> _What to work on_:
Print the listing in its entirety and exactly, leaving out images.
──────── Dataset content
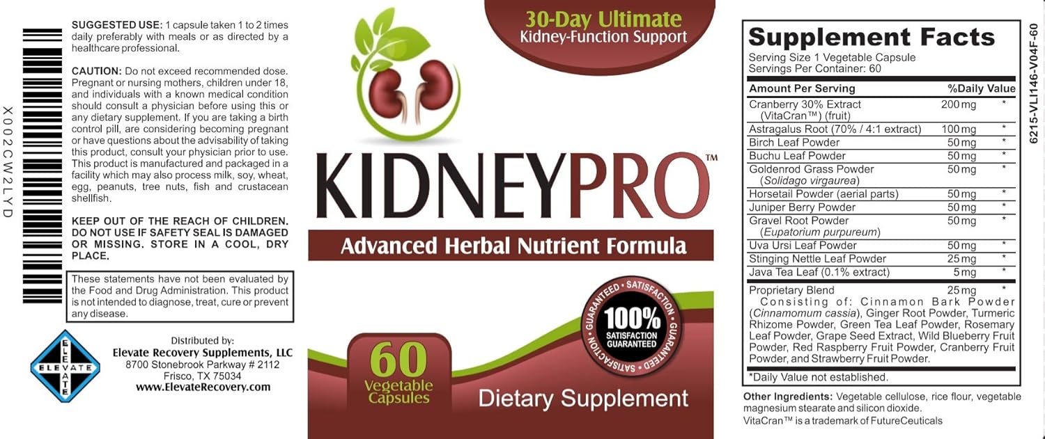 PROFESSIONALLY FORMULATED WITH: Cranberry Extract, Astragalus Root Extract, Birch Leaf, Buchu Leaf, Goldenrod Grass, Horsetail, Juniper Berry, Gravel Root, Uva Ursi Leaf, Stinging Nettle Leaf, Java Tea Leaf, Proprietary Blend Consisting of: Cinnamon Bark, Ginger Root, Turmeric Rhizome, Green Tea Leaf, Rosemary Leaf, Grape Seed Extract, Wild Blueberry Fruit, Red Raspberry Fruit, Cranberry Fruit, and Strawberry Fruit | Kidney Support Complex / Kidney Stone Support / Kidney Supplements / Kidney Detox
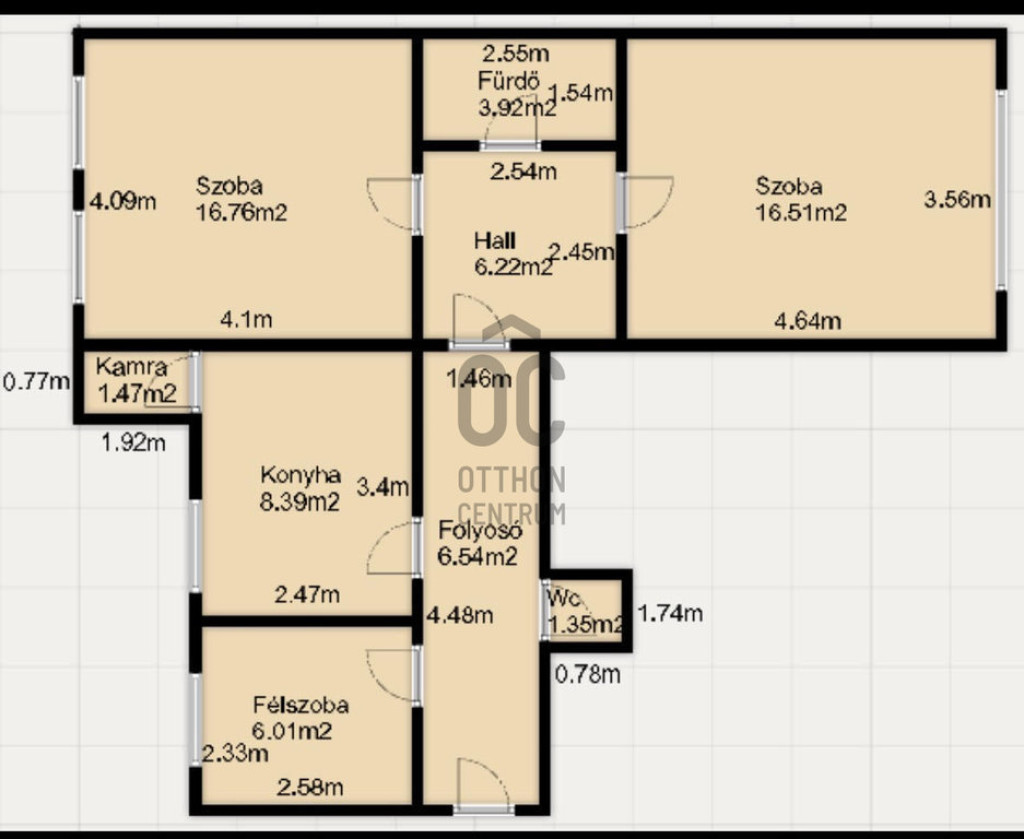 A lakásban faparketta található, elrendezése praktikus, a terek jól kihasználhatók.
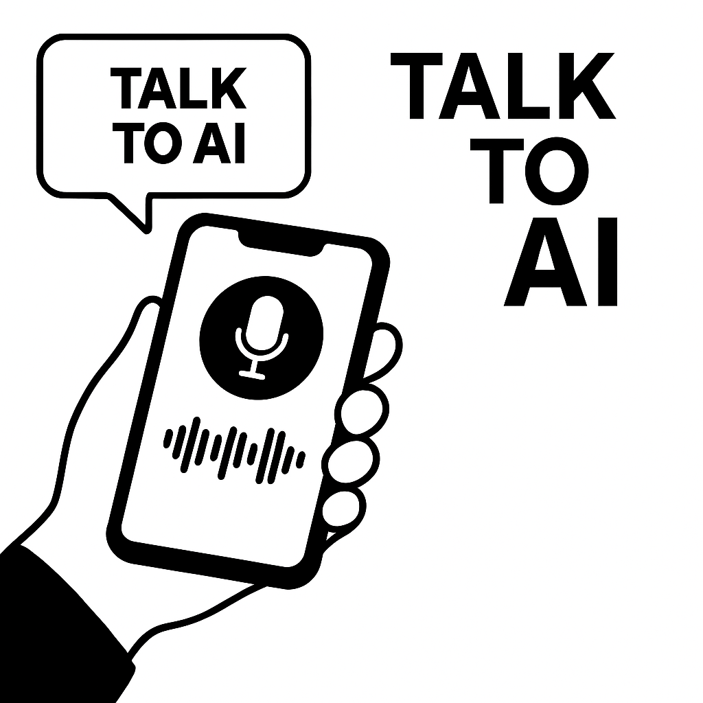 /Collection: /by Sergey Leonov/Type: PNG/A clean, minimalist graphic depicting a hand holding a smartphone displaying a voice assistant interface. Ideal for tech-related marketing or social media posts.
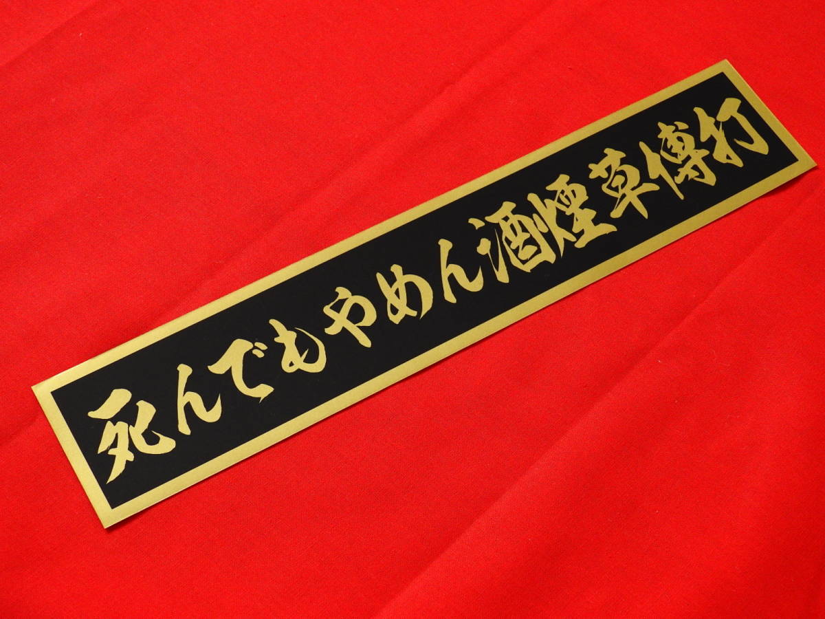 > ◆DT43 送料無料【死んでもやめん酒煙草博打】 防水ステッカー 金/ゴールド スクリーン デコトラ アートトラック ダンプ アンドン 暴走族
────────────────
> _Response area_:
 PROFESSIONALLY FORMULATED WITH: Cranberry Extract, Astragalus Root Extract, Birch Leaf, Buchu Leaf, Goldenrod Grass, Horsetail, Juniper Berry, Gravel Root, Uva Ursi Leaf, Stinging Nettle Leaf, Java Tea Leaf, Proprietary Blend Consisting of: Cinnamon Bark, Ginger Root, Turmeric Rhizome, Green Tea Leaf, Rosemary Leaf, Grape Seed Extract, Wild Blueberry Fruit, Red Raspberry Fruit, Cranberry Fruit, and Strawberry Fruit | Kidney Support Complex / Kidney Stone Support / Kidney Supplements / Kidney Detox
 A lakásban faparketta található, elrendezése praktikus, a terek jól kihasználhatók.
 /Collection: /by Sergey Leonov/Type: PNG/A clean, minimalist graphic depicting a hand holding a smartphone displaying a voice assistant interface. Ideal for tech-related marketing or social media posts.
 > ◆DT43 送料無料【死んでもやめん酒煙草博打】 防水ステッカー 金/ゴールド スクリーン デコトラ アートトラック ダンプ アンドン 暴走族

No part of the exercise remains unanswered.